Tidak ada jawaban dari Fikri

"Jawab pertanyaan papah Fikri!"

"Iya... Fikri memang tidak masuk, papah puas?!"

"Semakin hari sikap kamu makin menjadi-jadi kamu mau dikeluarkan lagi dari sekolah? Apa itu yang kamu mau? Jawab papah Fikri!"

"Biarin ph, biarin aku dikeluarin lagi, aku tidak peduli."

"Kamu..." Ketika akan meluapkan amarahnya Pak Kusuma seketika mengingat pesan ibu Rani istrinya bahwa dia harus menghadapi sikap saja dengan lembut. Jangan dengan kekerasan. Perlahan dia berusaha mengalah dan berusaha menjelaskan semuanya baik-baik kepada Fikri.

"Papah tahu kenapa kamu melakukan semua ini, papa minta maaf karena sudah menamparmu, tapi itu semua papah lakukan untuk kamu juga nak."

"Untuk Fikri pah? Bohong!"

"Semenjak mama meninggal papah tidak sayang lagi sama Fikri. Papah hanya memperhatikan istri papah yang baru itu."
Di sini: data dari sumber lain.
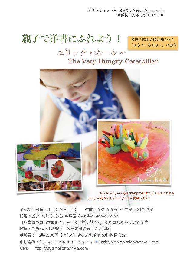 親子で洋書にふれよう! The Very Hungry Caterpillarとふわふわびよーん粘土イベント
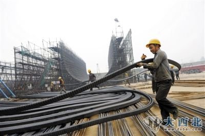 21日,河南平顶山,中国水电四局工作人员在南水北调中线沙河渡槽工程工区施工。蓝山 摄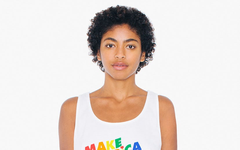 The line features tees, tanks, and a tote, as well as a dad hat that has the same font as Trump's infamous cap. Last month, an "America Was Never Great" parody hat angered the internet after a photo of 22-year-old Krystal Lake wearing it at work went viral. Surely some Trump supporters will be angry about the campaign, but with so much love and positivity surrounding the collection, it can only be used to propel conversation about universal acceptance.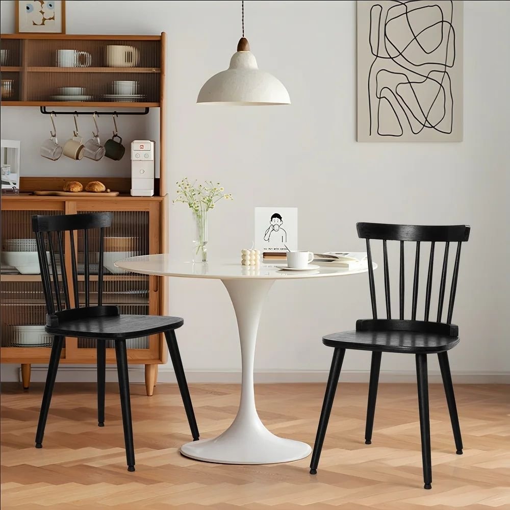 Made entirely from solid wood, this Windsor dining chair set reflects a thoughtful blend of traditional inspiration and contemporary restraint. The black finish gives the chairs a clean, modern edge while allowing the iconic spindle-back design to remain the focal point. Designed for daily use, these dining chairs provide reliable comfort, visual clarity, and long-term durability. Their understated presence allows them to integrate seamlessly into a wide range of interiors, from modern homes to transitional dining settings, without appearing heavy or overly decorative.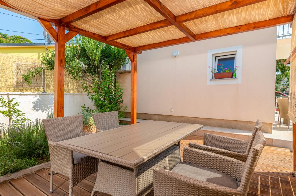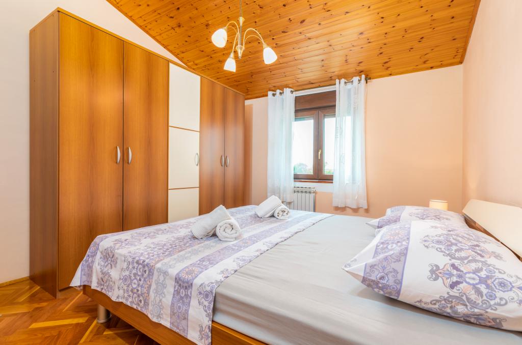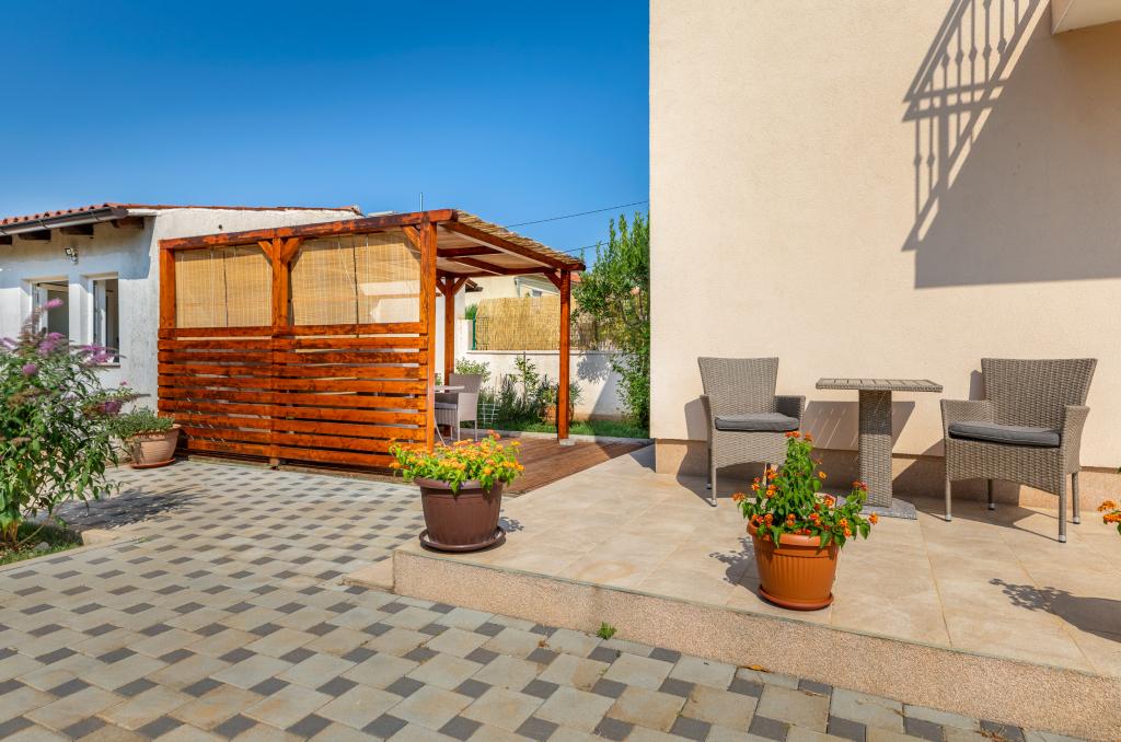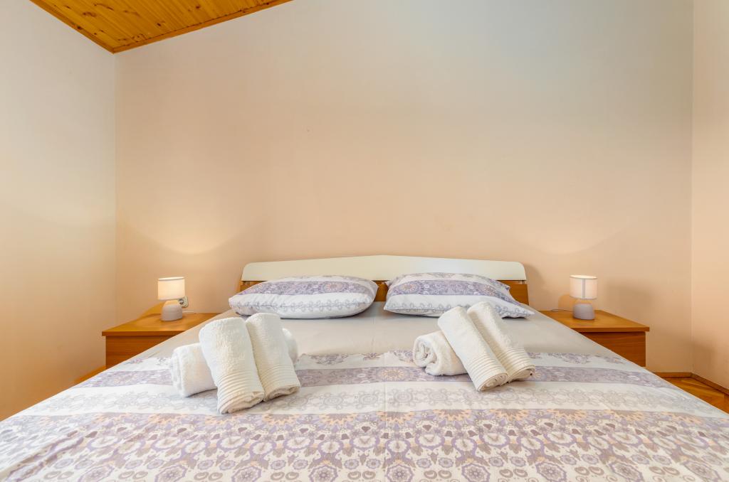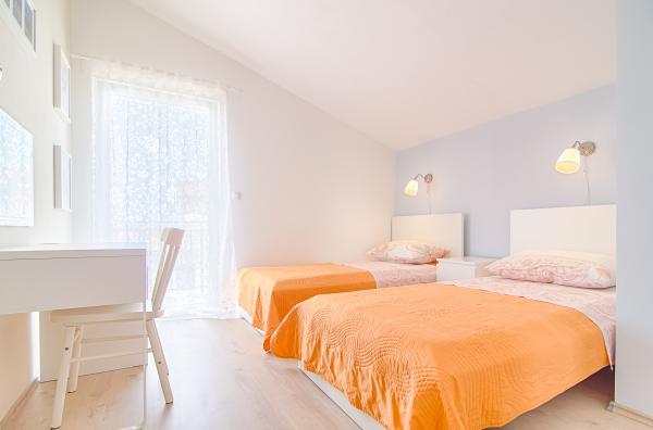 Plně a moderně vybavený a prostorný rekreační apartmán v klidné části Valbandonu. Apartmán má ložnici s manželskou postelí, ložnici se 2 samostatnými lůžky, kuchyň s jídelnou, obývací pokoj, koupelnu a pěknou velkou terasu. Nachází se v prvním patře rodinného domu, kde bydlíme, a má samostatný vchod.

"Kamu tahu kan setiap hari papah sibuk di kantor, papah tidak punya waktu untuk memperhatikan kamu, dan papa minta maaf. Papah tahu kamu belum bisa menerima pernikahan papa dengan ibu Rani, tapi cobalah untuk mengenali anak. Dia itu perempuan yang baik, dia juga menyayangi kamu seperti anaknya sendiri. Papah menikah dengan ibu Rani itu semua untuk kebaikan kamu juga nak, papah berharap ada yang bisa mengurus kamu di rumah, kamu bisa mendapatkan kasih sayang dari seorang ibu lagi seperti dulu. Papah tidak mau kamu kesepian di rumah mama dan papah juga menikah dengan ibu Rani itu semua karena... " Pak Kusuma terhenti, seolah ada sesuatu yang menahannya, membuatnya tak mampu melanjutkan apa yang akan dia katakan.

"Karena apa pah? " Desak Fikri.

"Maafkan papah, saat ini papah belum bisa memberitahu kamu."

"Sudahlah, semuanya udah jelas. Papah tidak usah repot-repot lagi menjelaskan semuanya sama Fikri." Fikri pun berjalan meninggalkan Pak Kusuma, dan segera menuju kamarnya tanpa mempedulikan panggilan ayahnya.

"Fikri ! Fikri! "

Di kamar, Fikri termenung berusaha mencerna apa yang dikatakan ayahnya tadi, yang dia tahu semenjak kepergian mamanya, ayahnya tidak lagi sayang padanya. Karena itu dia pun menikah lagi. Tapi apa yang dikatakan oleh Pak Kusuma tadi benar-benar berbanding terbalik dengan apa yang dipikirkan oleh Fikri. Dan dia masih bingung dengan apa yang berusaha papanya ingin katakan tadi.

"Apa benar kata masih sayang sama aku? Apa benar dia menikah dengan ibu Rani itu semua untuk kebaikan aku juga? Supaya aku tidak kesepian di rumah? Dan apa yang ingin papa katakan tadi? Aarrkkk... Fikri mengacak-acak rambutnya.